Members of a number of advocacy groups, including APIC (Association for the Preservation of Individual Currencies), Lizards for Liberty, The Monotreme Alliance, the Confederation of Ground Squirrels, the Small Animal Reform Group, and IHOP (the Idiosyncratic Hibernators of The Park), have banded together in an effort to block any legislation the Archons plan to enact regarding currency amalgamation.
The newly-formed alliance has chosen Rowena Goose as its spokesBird. The Goose, who has been fighting currency amalgamation for almost a decade was elected President of APIC in 23 AZ (2003).
“We won’t take this lying down,” said the Goose in an interview on CLucK RADIO early this morning. “We’re going to fight until [currency amalgamation] is defeated.”
Central Bank issues advisory to Archons
Multiple Animal currencies may be putting The Park in danger of suffering a severe economic depression.
That is the warning contained in a special advisory to the Archons issued by the Central Bank of The Park.

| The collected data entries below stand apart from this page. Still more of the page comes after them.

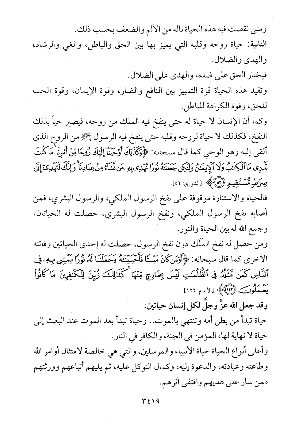 وأعلى أنواع الحياة حياة الأنبياء والمرسلين، والتي هي خالصة لامتثال أوامر الله وطاعته وعبادته، والدعوة إليه، وكمال التوكل عليه، ثم يليهم أتباعهم وورثتهم ممن سار على هديهم واقتفى أثرهم.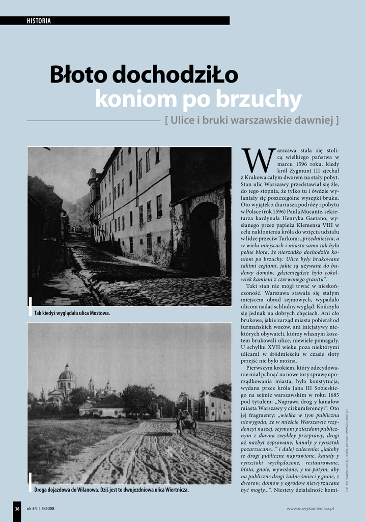 Historia PŁYTY Błoto dochodziŁo koniom po brzuchy [ Ulice i bruki warszawskie dawniej ] Tak kiedyś wyglądała ulica Mostowa. Droga dojazdowa do Wilanowa. Dziś jest to dwujezdniowa ulica Wiertnicza. 36 nk 34 I 5/2008 www.nowykamieniarz.pl Fot: Archiwum Zarządu dróg miejskich w Warszawie (2) W arszawa stała się stolicą wielkiego państwa w marcu 1596 roku, kiedy król Zygmunt III zjechał z Krakowa całym dworem na stały pobyt. Stan ulic Warszawy przedstawiał się źle, do tego stopnia, że tylko tu i ówdzie wyłaniały się poszczególne wysepki bruku. Oto wyjątek z diariusza podróży i pobytu w Polsce (rok 1596) Paula Mucante, sekretarza kardynała Henryka Gaetano, wysłanego przez papieża Klemensa VIII w celu nakłonienia króla do wzięcia udziału w lidze przeciw Turkom: „przedmieścia, a w wielu miejscach i miasto samo tak było pełne błota, że nierzadko dochodziło koniom po brzuchy. Ulice były brukowane takimi cegłami, jakie są używane do budowy domów, gdzieniegdzie było cokolwiek kamieni z czerwonego granitu”. Taki stan nie mógł trwać w nieskończoność. Warszawa stawała się stałym miejscem obrad sejmowych, wypadało ulicom nadać schludny wygląd. Kończyło się jednak na dobrych chęciach. Ani cło brukowe, jakie zarząd miasta pobierał od furmańskich wozów, ani inicjatywy niektórych obywateli, którzy własnym kosztem brukowali ulice, niewiele pomagały. U schyłku XVII wieku poza niektórymi ulicami w śródmieściu w czasie słoty przejść nie było można. Pierwszym krokiem, który zdecydowanie miał pchnąć na nowe tory sprawę uporządkowania miasta, była konstytucja, wydana przez króla Jana III Sobieskiego na sejmie warszawskim w roku 1685 pod tytułem: „Naprawa drog y kanałow miasta Warszawy y cirkumferencyi”. Oto jej fragmenty: „wielka w tym publiczna niewygoda, że w mieście Warszawie rezydencyi naszej, seymom y ziazdom publicznym z dawna zwykłey przeprawy, drogi aż nazbyt zepsowane, kanały y rynsztok pozarzucane...” i dalej zalecenia: „iakoby te drogi publiczne naprawione, kanały y rynsztoki wychędożone, restaurowane, błota, gnoie, wywożone, y na potym, aby na publiczne drogi żadne śmieci y gnoie, z dworow, domow y ogrodow niewyrzucane być mogły...”. Niestety działalność komi- Historia Nieugięty charakter marszałka Bielińskiego Czas na zmiany był już najwyższy. Władysław Łubieński pisał („Świat na wszystkich swoich częściach”, Wrocław 1740, s. 396): „Samo zaś Miasto murem opasane nie wielkie nad Wisłą, ale zawsze czyste, na Przedmieściach zaś całe bruki zalane błotami osobliwie podczas iesieni, y na łokieć nad brukiem”. Komisja rozpoczęła czynności w roku 1742. Na jej czele stanął marszałek wielki koronny Franciszek z Bielina Bieliński, znany z nieugiętego charakteru, gorąco oddany sprawie doprowadzenia ulic stolicy do należytego stanu. Po wielu latach niezmordowanej pracy mógł się poszczycić niepospolitymi rezultatami. O ówczesnym wyglądzie ulic dowiadujemy się z opracowania samej komisji pod tytułem: Planta Kommissyi do Wychędożenia y Reperacyi Brukow y Kanałow Miasta Starey y Nowey Warszawy Constt. Anni 1685, naznaczoney, ex Rescriptio Nayiaśnieyszych MOnarchow Polskich toties reassumowaney y teraz agituiący się in Anno 1743. Oto fragment opisu stanu ulic: „gnoiow y błota po wszystkich ulicach pełno, tak, że iuż trudność spra- Franciszek Bieliński herbu Junosza (1683 – 1766), syn Kazimierza Ludwika Bielińskiego, marszałka wielkiego koronnego i Ludwiki Marii z Morsztynów, podskarbianki koronnej. Ożenił się z podskarbianką Dorotą z Przebendowskich, wdową po Janie Mikołaju Radziwille. Zmarł bezpotomnie. Starosta kowalewski, brodnicki i garwoliński, od 1714 marszałek ziem pruskich, od 1725 wojewoda chełmiński, od 1732 marszałek nadworny koronny, od 1742 marszałek wielki koronny, także kierujący od tego roku Komisją Brukową. Dzięki staraniom marszałka wybrukowano 38 nk 34 I 5/2008 wuią przeieżdżaiącym. Bruki na wielu ulicach popsowane, na wielu zaś cale ich niemasz, co ustawicznie czyni nieochędostwo, y na inne mieysca brukowane błota przypuszcza. Z innych podobnie mieysc iedne drogi gnoiami cale zawalone, inne częścią gnoiami, częścią nie maiąc od wieku żadney naprawy continuo concursu iadących zepssowane”. Wówczas tylko dwie ulice prowadziły z Krakowskiego Przedmieścia do Wisły, jednakże według komisji znajdowały się w stanie zupełnie niezdatnym do użytku: „teraz zaś cale przez zawalenie gnoiami są niedostępne”. Komisja zdawała sobie sprawę z ogromu zadań i ilości niezbędnych funduszy. Dochód z opłaty łokciowego był niewielki, co więcej, starano się wszystkimi sposobami uchylać od płacenia. W niechęci i niezrozumieniu rzeczy przodowali niestety najmajętniejsi. Ogłaszano drukiem „czarne listy” niepłacących, lecz i to nie pomagało. Sam marszałek Bieliński z własnej kieszeni łożył na umiłowane przez siebie dzieło, wynajdywał różne źródła dochodów, zwracał się do króla i senatu o subsydia. Egzekwowanie podatku natrafiało na niesłychane trudności. Marszałek skarżył się: „iż gdy Łokciowe nayubożsi wypłacają znayduje się tych retentów naywięcey u znacznieyszych i dostatnich Ludzi, mimo wzgląd na zawstydzenie in Publico, i mimo delikatność Sumnienia, i gdy ci więcey potrzebuią i więcey zażywają ochędostwa Publicznego, i bardziey Bruki ruynuią”. większość warszawskich ulic. Pamiątką jest nazwa ulicy Marszałkowskiej, stosowana na cześć Bielińskiego od roku 1770. Oto ,co pisze o marszałku Ignacy Baranowski w roku 1919: ...syn Kościoła i Ojczyzny, życzliwy dla Rzeczypospolitej nienaruszonej, sędzia najwyższej instancji dla przyjaciela i nieprzyjaciela, dla najbogatszego i najuboższego. Ideałem jego była Warszawa czysta, świetna, nie ustępująca zagranicznym rezydencjom, godna wielkiego państwa,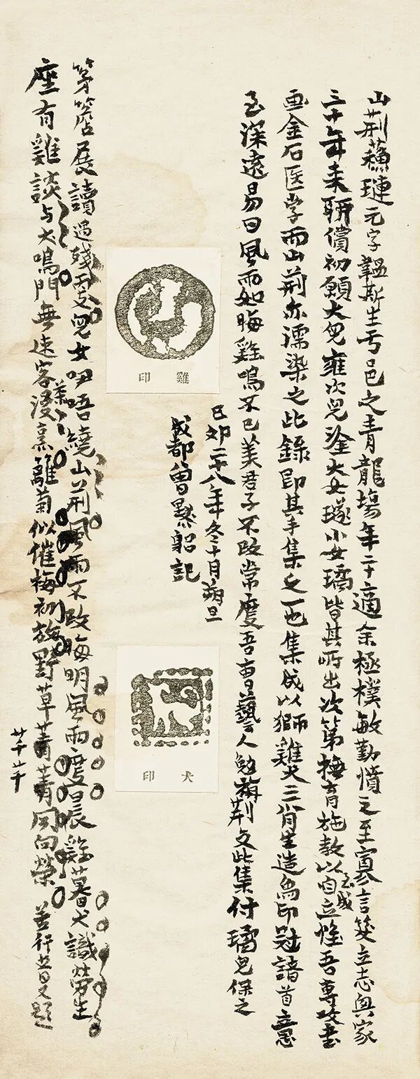 山荆苏琏元,字韫斯,生于邑之青龙场,年二十适余,极朴敏,勤愤(奋)之至,寡言笑。立志兴家,三十年来聊偿初愿。大儿雍,次儿淦,大女璲,小女璚,皆其所出,次第抚育施教以至成立。惟吾专攻书、画、金石、医学,而山荆亦濡染之, 此录即其手集之一也。集成以狮、鸡、犬三肖生造象印,冠诸首。意至深远, 《易》曰:“风雨如晦,鸡鸣不已。”美君子不改常度。吾曹艺人勉旃。荆父此集付璚儿保之。己卯二十八年(一九三九)冬十月朔旦,成都曾默躬记。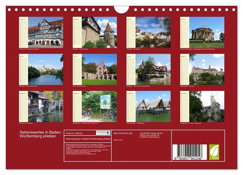 Entdecken Sie 12 lohnenswerte Reiseziele in Baden-Württemberg und holen Sie sich die schönsten Ansichten nach Hause. Ein Kalender mit PLANER-Funktion.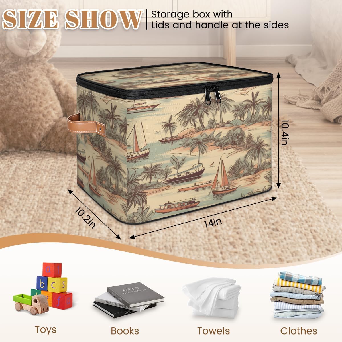Storage Bins Size: 15(L)x 11(W)x 9.5(H)inches. Large capacity storage basket, can hold a lot of things, save space, also can prevent things messy, keep the home and room clean and orderly. Multi-function: Foldable storage box can be used as closet organizers, toy storage, shelf basket, blanket basket, storage box, laundry basket, wardrobe basket, clothes storage bins, bathroom baskets, under bed storage containers and so on. Can store toys, blankets, books, clothes, quilts, socks, shoes, all kinds of items, can be put anywhere you want. Various Occasions: Storage boxes are suitable for closet, shelf, bedroom, closet, kid's room, bathroom, nursery, laundry room, living room, dormitory, apartment, office, locker room, pantry, balcony, living room, kitchen, game room and other occasions. Practical Gifts: The clothes organizer is a thoughtful choice for birthday parties or Christmas, Mother's Day, Father's Day, Valentine's Day, Easter, etc., for mom, dad, him or her, friends or colleagues.
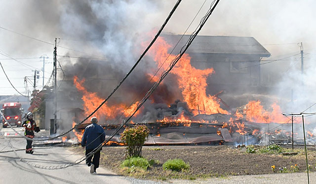 消防によりますと火事があったのは木造2階建ての建物とみられ、現在も延焼中です。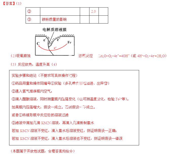 | 编号 | 实验目的 | 碳粉/g | 铁粉/g | 醋酸/% |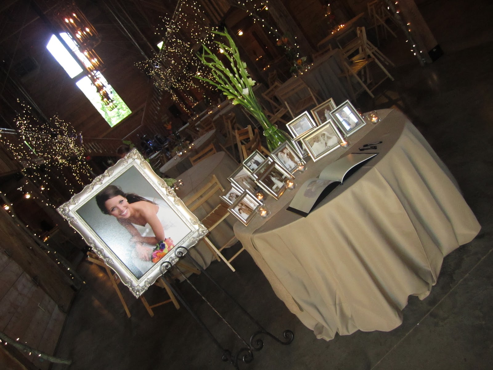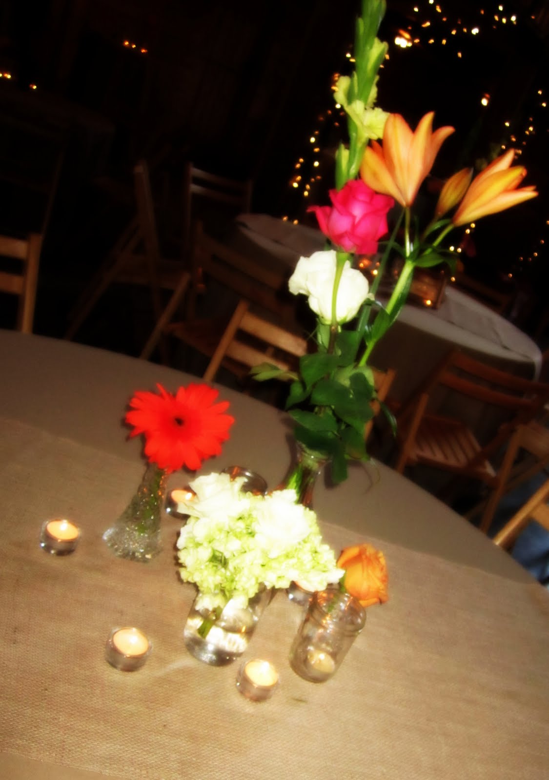 Saturday I got up bright and early to go set up Hillary’s reception! Boy was I kinda nervous at first. I have done lots of birthdy parites, showers, etc, but never a wedding! But after talking to Hillary I was really excited! Hillary was very very organized and knew exactly what she wanted. She had been collecting all sorts of sizes of vases for the flowers. She had her reception at the pratt place barn, which is gorgeous by itself. Such a fabulous canvas to work with. Hillary had a lot of neutral tones with bright flowers. I spent the day putting together her vision. She was thrilled with the results, which made me so happy. : ) Hillary was a STUNning bride and Stephen and her are just the most adorable couple. There will be lots and LOTS of pictures to come from the one and only Benfields and will post a link to them once he gets them up. : ) But here are a few I got.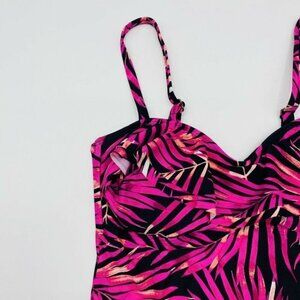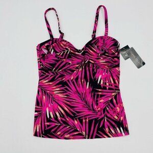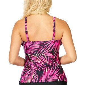 Island Escape Women's Beach Bound Tahiti Printed Tankini Top in Black/Pink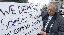 The North West Leicestershire MP was seen at the demonstration in central London, which was attended by hundreds of protesters seeking to bring attention to the vaccine injured.

In the advisory, which was issued this morning, Central Bank governor, Bravessa Contadora, strongly recommended that the Archons take swift action to amalgamate The Park’s Animal currencies “before the Ftoo becomes virtually worthless in the outside world.”
Speaking at a press conference following the advisory’s release, Contadora acknowledged the past controversy surrounding the issue, and said she wished to be sensitive and respectful to those who oppose a single currency.
“I realize that groups such as APIC (Association for the Preservation of Individual Currencies) have been fighting this for a long time and, to a large degree, they’ve been successful. But, to what end? If we are to preserve our trading position with the world outside The Park, we need a strong, amalgamated currency. I see no other option for The Park,” she said.
She went on to explain that trade in so many different currencies is “just too difficult to fathom for those who live in a one-species world” and that, in her opinion, The Park had no hope of increasing exports unless it adopted a simplified currency.
The Park’s 35 Archons have, thus far, remained silent on the issue. A statement is expected later in the day.
Park weather office blasts budget, proposes radical change
The Park’s Weather Office has launched a formal complaint against The Finance Office after the release, last week, of its Expense Projections for 2012.
In a statement released this morning, the PWO charged that “a recent history of underfunding of weather in The Park has resulted in reduced crop sizes, diminished coats, domicile destruction and even, perhaps, a rise in Animal illnesses.”
While some of the charges might be difficult to prove, the PWO has authority on its side when it comes to reduced crop sizes and food shortages.
“The past few years have seen the worst harvests in The Park,” says A.P. Civet, of the Society of Concerned Park Cultivators, Planters, Growers, and Farmers (SCPCPGF). “Not coincidentally, these were the years of cutbacks, when funding for weather purchases was at its lowest. It may seem fine to those [Animals] in the Finance Office to replace rain with wind and to buy dull days by the pack, but you can’t grow food like that,” he said.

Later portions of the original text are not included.